__Given data__:

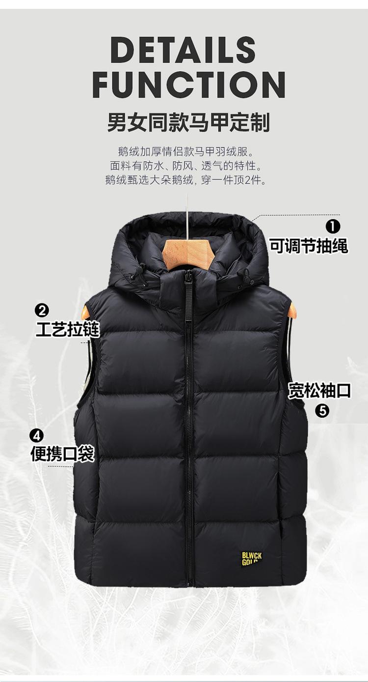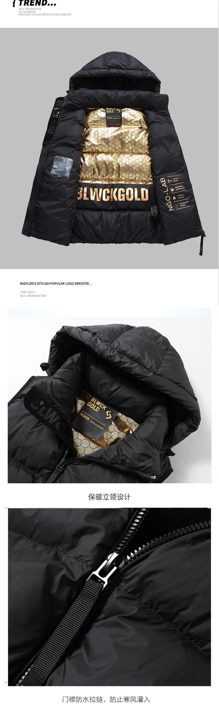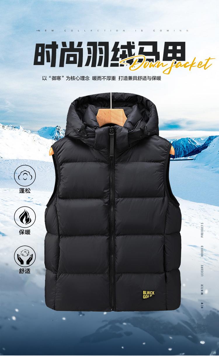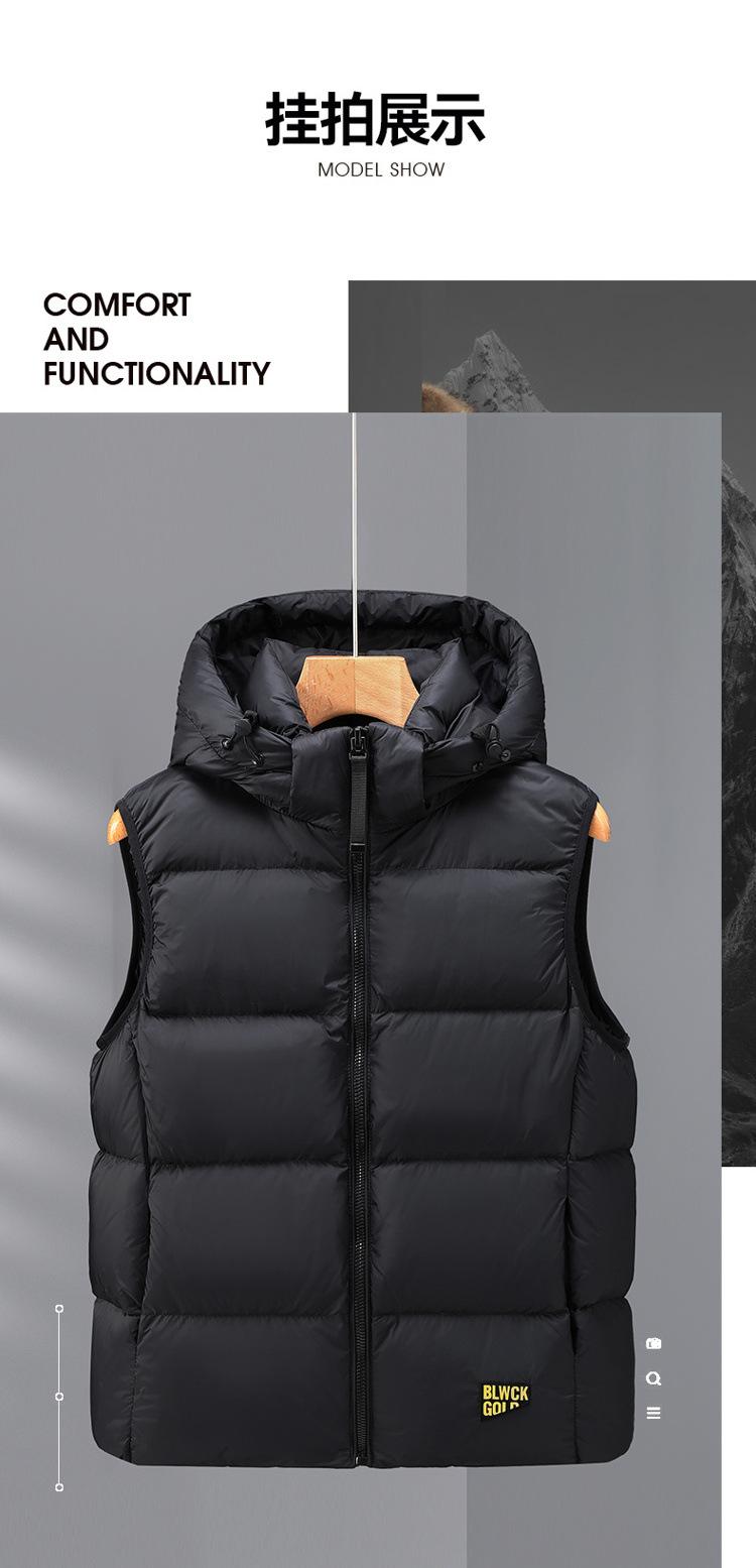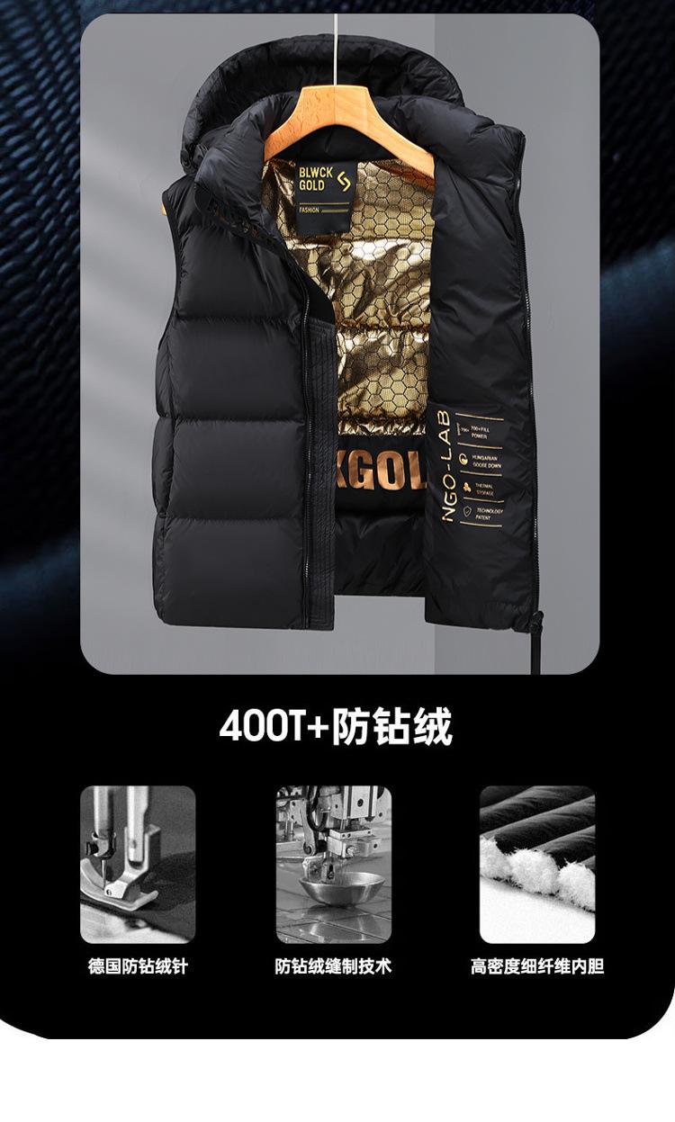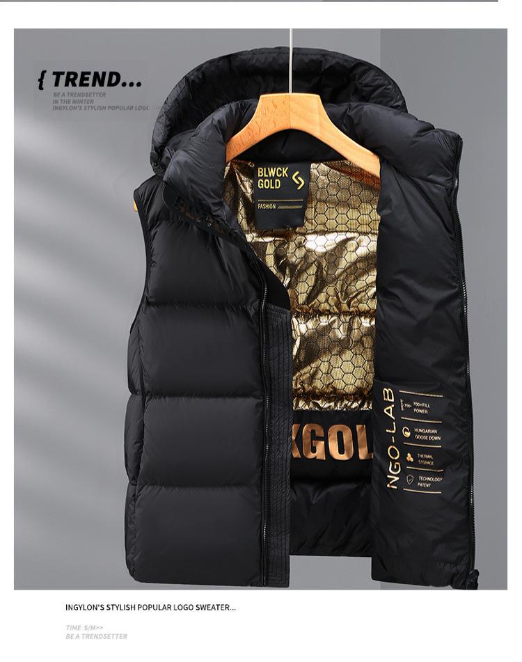 Chaqueta de Plumas Chaleco Negro Dorado Otoño e Invierno con Capucha sin Mangas Chaqueta de Plumas para Hombre Nueva Chaqueta de Plumas Estilo Coreano Chaleco Chaleco Ropa de Hombre
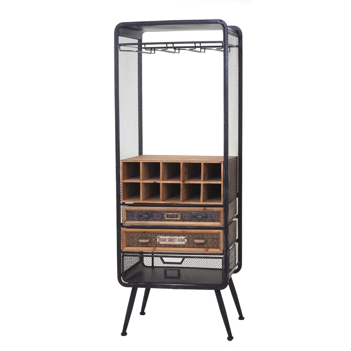 - Besonderheiten: Aufhängung für Gläser 3 Schubladen Für 10 Flaschen Ablagefläche
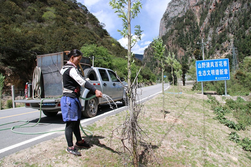植樹容易,保持存活率很難。“植樹植樹,一分栽九分管。我們植樹造林不只看數(shù)量,更注重質(zhì)量,注重栽植方法和科學的后期養(yǎng)護管理,保證樹木的成活率。”6月11日,在白玉縣絨蓋鄉(xiāng),長江造林局駐白玉管護站站長梁榮忙著進行現(xiàn)場管護技術(shù)指導,“把遮陽網(wǎng)裹緊點、把刺巴綁緊點,以免牛和馬啃皮子;水要澆透,不然水分不夠,樹子一斷水,再想‘返陽’就難了;護欄水泥樁要栽牢,不然牛馬一撞就倒了……”。
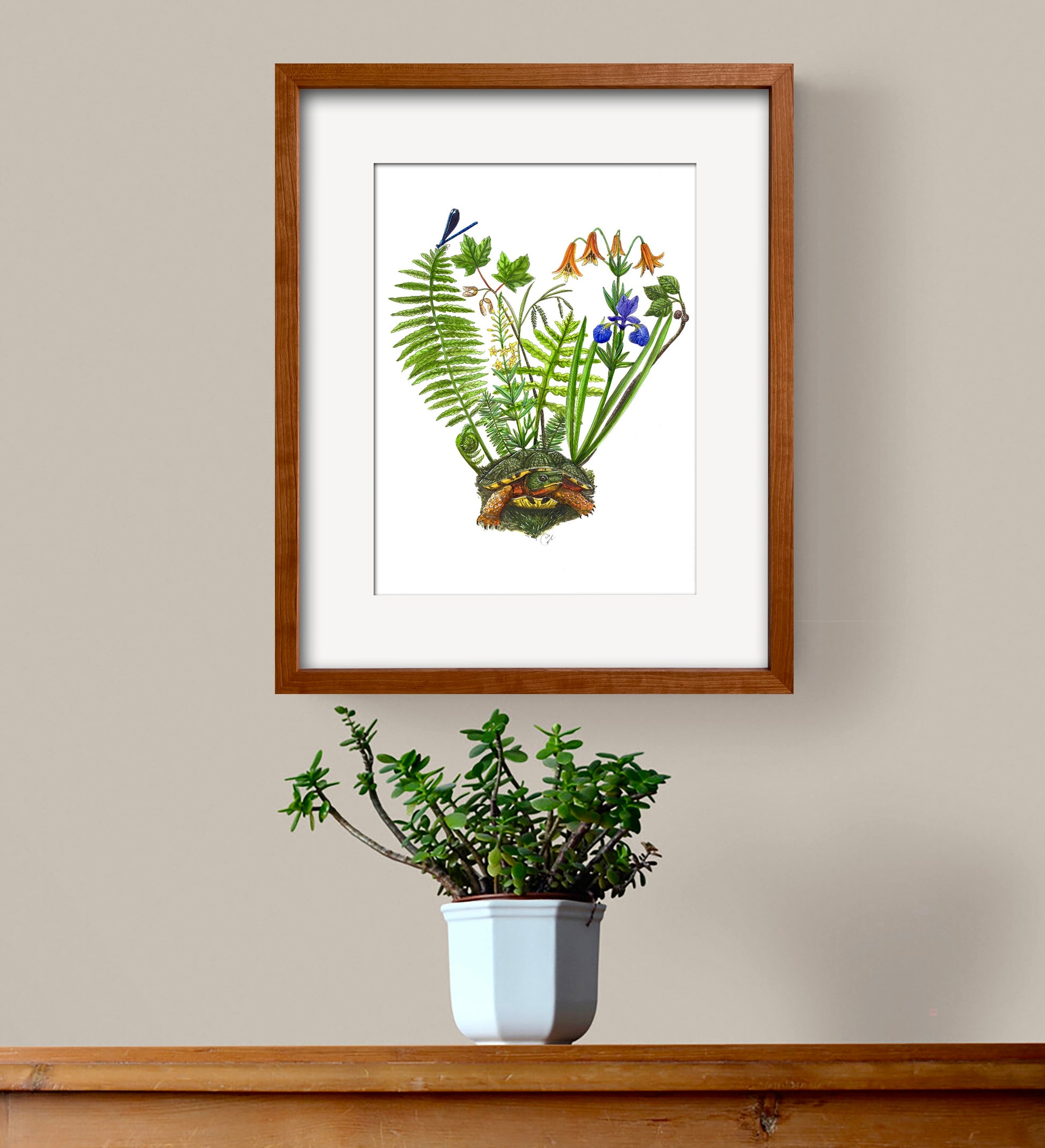 Le marais de Saint-Théodore-d'Acton se présente dans toute sa splendeur. Ce milieu de vie riche et vaste héberge une espèce des plus précieuses. La tortue des bois, reptile à statut vulnérable, y a élu domicile au cœur de ses aulnaies. Les plantes de milieux humides observées pendant ma visite sont également à l'honneur dans cette œuvre. Ce milieu regorge également d'une grande diversité de gibier qui fait le bonheur des chasseurs!

__What is being asked__:
A verbatim copy of the material, pictures excluded, is what must be produced.

__Response for this exercise__:
 Chaqueta de Plumas Chaleco Negro Dorado Otoño e Invierno con Capucha sin Mangas Chaqueta de Plumas para Hombre Nueva Chaqueta de Plumas Estilo Coreano Chaleco Chaleco Ropa de Hombre
 - Besonderheiten: Aufhängung für Gläser 3 Schubladen Für 10 Flaschen Ablagefläche
植樹容易,保持存活率很難。“植樹植樹,一分栽九分管。我們植樹造林不只看數(shù)量,更注重質(zhì)量,注重栽植方法和科學的后期養(yǎng)護管理,保證樹木的成活率。”6月11日,在白玉縣絨蓋鄉(xiāng),長江造林局駐白玉管護站站長梁榮忙著進行現(xiàn)場管護技術(shù)指導,“把遮陽網(wǎng)裹緊點、把刺巴綁緊點,以免牛和馬啃皮子;水要澆透,不然水分不夠,樹子一斷水,再想‘返陽’就難了;護欄水泥樁要栽牢,不然牛馬一撞就倒了……”。
 Le marais de Saint-Théodore-d'Acton se présente dans toute sa splendeur. Ce milieu de vie riche et vaste héberge une espèce des plus précieuses. La tortue des bois, reptile à statut vulnérable, y a élu domicile au cœur de ses aulnaies. Les plantes de milieux humides observées pendant ma visite sont également à l'honneur dans cette œuvre. Ce milieu regorge également d'une grande diversité de gibier qui fait le bonheur des chasseurs!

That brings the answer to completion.